## What you are asked to do
Without copying any picture, transcribe exactly the lines of the data below from the one containing "林陈玲:在本次实地考察的过程" through the one containing "Our handmade pendants".

## Data for the task
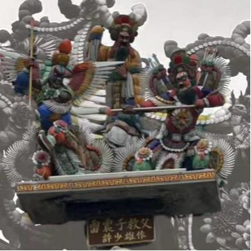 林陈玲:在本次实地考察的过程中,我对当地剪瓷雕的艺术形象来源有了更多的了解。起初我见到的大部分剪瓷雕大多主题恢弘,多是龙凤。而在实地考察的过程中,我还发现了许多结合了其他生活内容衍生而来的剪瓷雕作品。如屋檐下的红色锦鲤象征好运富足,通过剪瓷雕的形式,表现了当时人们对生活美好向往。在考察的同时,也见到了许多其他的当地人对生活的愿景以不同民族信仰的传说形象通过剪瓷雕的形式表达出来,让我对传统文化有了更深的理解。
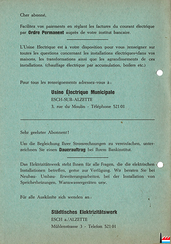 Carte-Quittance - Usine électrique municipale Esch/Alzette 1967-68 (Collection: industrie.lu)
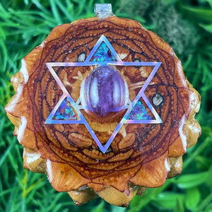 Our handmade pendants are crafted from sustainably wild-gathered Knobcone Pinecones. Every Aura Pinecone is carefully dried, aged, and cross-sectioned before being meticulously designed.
...
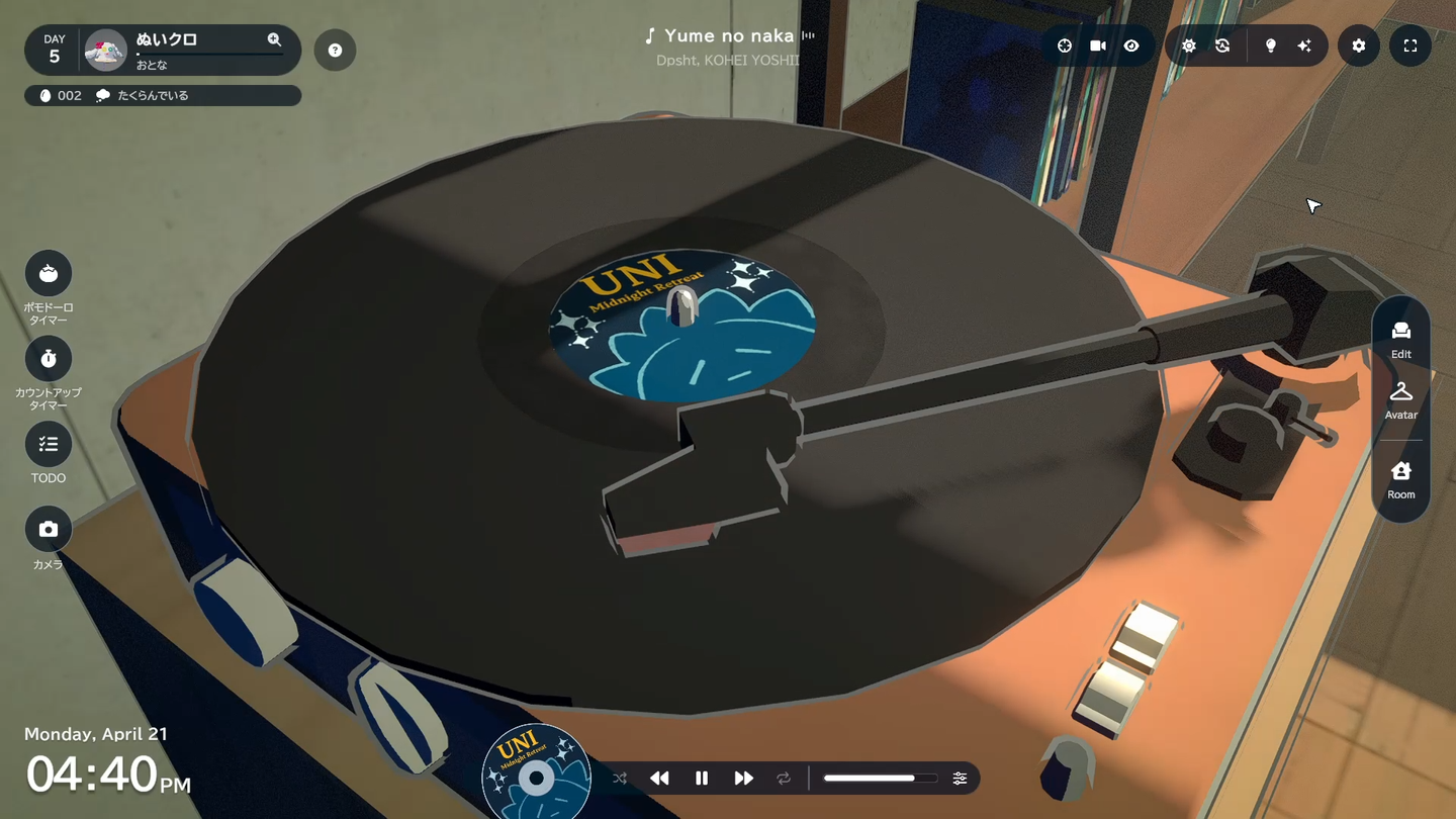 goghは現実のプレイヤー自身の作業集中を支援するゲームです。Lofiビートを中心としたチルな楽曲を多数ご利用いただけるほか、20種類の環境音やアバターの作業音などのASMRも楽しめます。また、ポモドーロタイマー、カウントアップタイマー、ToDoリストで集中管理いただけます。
--
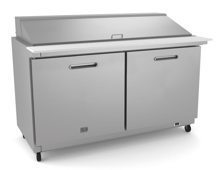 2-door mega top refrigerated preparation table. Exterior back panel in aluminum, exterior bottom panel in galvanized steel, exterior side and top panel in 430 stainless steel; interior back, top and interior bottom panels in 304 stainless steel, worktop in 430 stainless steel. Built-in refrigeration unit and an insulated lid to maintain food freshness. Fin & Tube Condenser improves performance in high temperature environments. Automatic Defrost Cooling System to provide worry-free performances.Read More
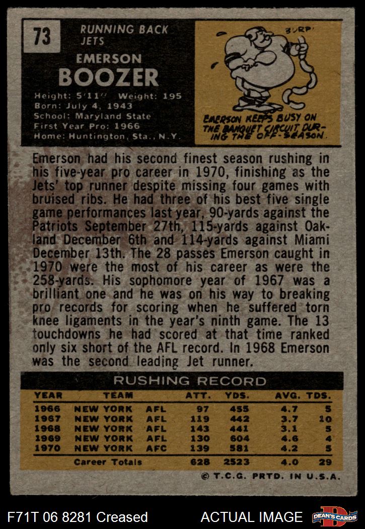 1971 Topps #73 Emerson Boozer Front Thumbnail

## Written reply
 林陈玲:在本次实地考察的过程中,我对当地剪瓷雕的艺术形象来源有了更多的了解。起初我见到的大部分剪瓷雕大多主题恢弘,多是龙凤。而在实地考察的过程中,我还发现了许多结合了其他生活内容衍生而来的剪瓷雕作品。如屋檐下的红色锦鲤象征好运富足,通过剪瓷雕的形式,表现了当时人们对生活美好向往。在考察的同时,也见到了许多其他的当地人对生活的愿景以不同民族信仰的传说形象通过剪瓷雕的形式表达出来,让我对传统文化有了更深的理解。
 Carte-Quittance - Usine électrique municipale Esch/Alzette 1967-68 (Collection: industrie.lu)
 Our handmade pendants are crafted from sustainably wild-gathered Knobcone Pinecones. Every Aura Pinecone is carefully dried, aged, and cross-sectioned before being meticulously designed.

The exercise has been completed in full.